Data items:
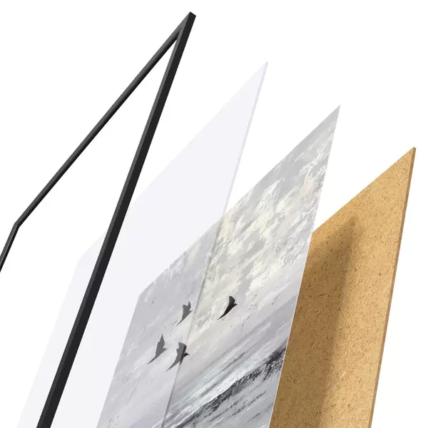 L’affiche encadrée est composée d’un cadre, d’un plexiglas, d’une image imprimée et d’un support en aggloméré. Elle est prête à être accrochée au mur grâce aux fixations situées à l’arrière.
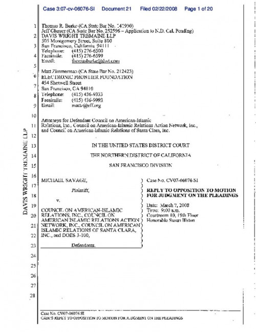 Document | February 22, 2008 Defendant's Reply to Opposition to Motion for Judgment on the Pleadings Read more about Defendant's Reply to Opposition to Motion for Judgment on the Pleadings
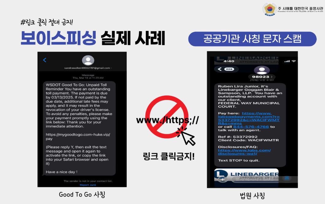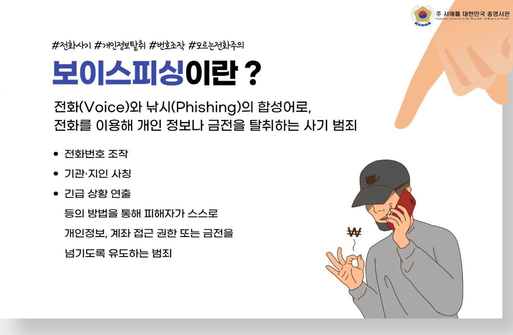 주시애틀총영사관 사칭 보이스피싱 급증… “텔레그램·시그널 사용 안 해, 개인정보 요구 절대 없어”
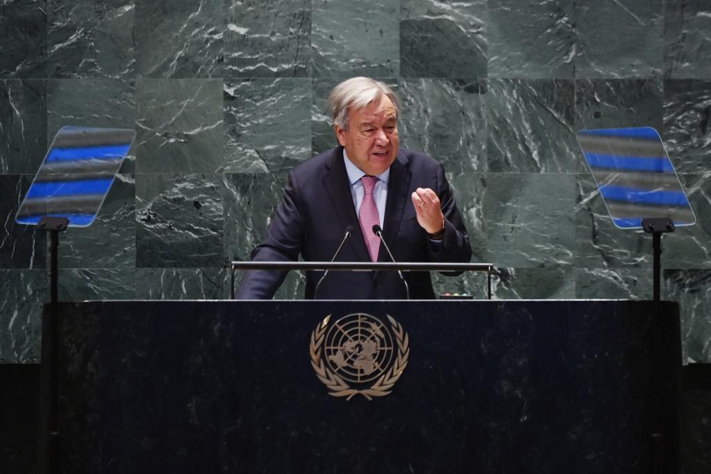 9月22日,在位于紐約的聯(lián)合國總部,聯(lián)合國秘書長古特雷斯在聯(lián)合國未來峰會上致辭。新華社記者李睿攝
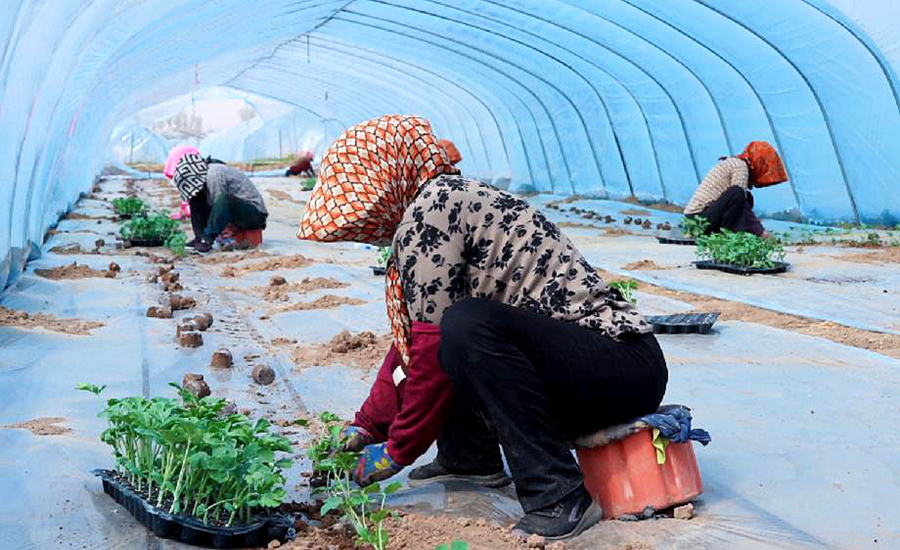 乘着融融春光,走进宁夏吴忠市利通区金银滩镇的特色瓜果种植片区,一栋栋温棚内工人正忙着移栽瓜苗,他们依次完成打孔、放苗、移栽、培土等环节,动作娴熟、有条不紊。

The problem:
Line by line, print the records above exactly, skipping each picture.

Solution:
 L’affiche encadrée est composée d’un cadre, d’un plexiglas, d’une image imprimée et d’un support en aggloméré. Elle est prête à être accrochée au mur grâce aux fixations situées à l’arrière.
 Document | February 22, 2008 Defendant's Reply to Opposition to Motion for Judgment on the Pleadings Read more about Defendant's Reply to Opposition to Motion for Judgment on the Pleadings
 주시애틀총영사관 사칭 보이스피싱 급증… “텔레그램·시그널 사용 안 해, 개인정보 요구 절대 없어”
 9月22日,在位于紐約的聯(lián)合國總部,聯(lián)合國秘書長古特雷斯在聯(lián)合國未來峰會上致辭。新華社記者李睿攝
 乘着融融春光,走进宁夏吴忠市利通区金银滩镇的特色瓜果种植片区,一栋栋温棚内工人正忙着移栽瓜苗,他们依次完成打孔、放苗、移栽、培土等环节,动作娴熟、有条不紊。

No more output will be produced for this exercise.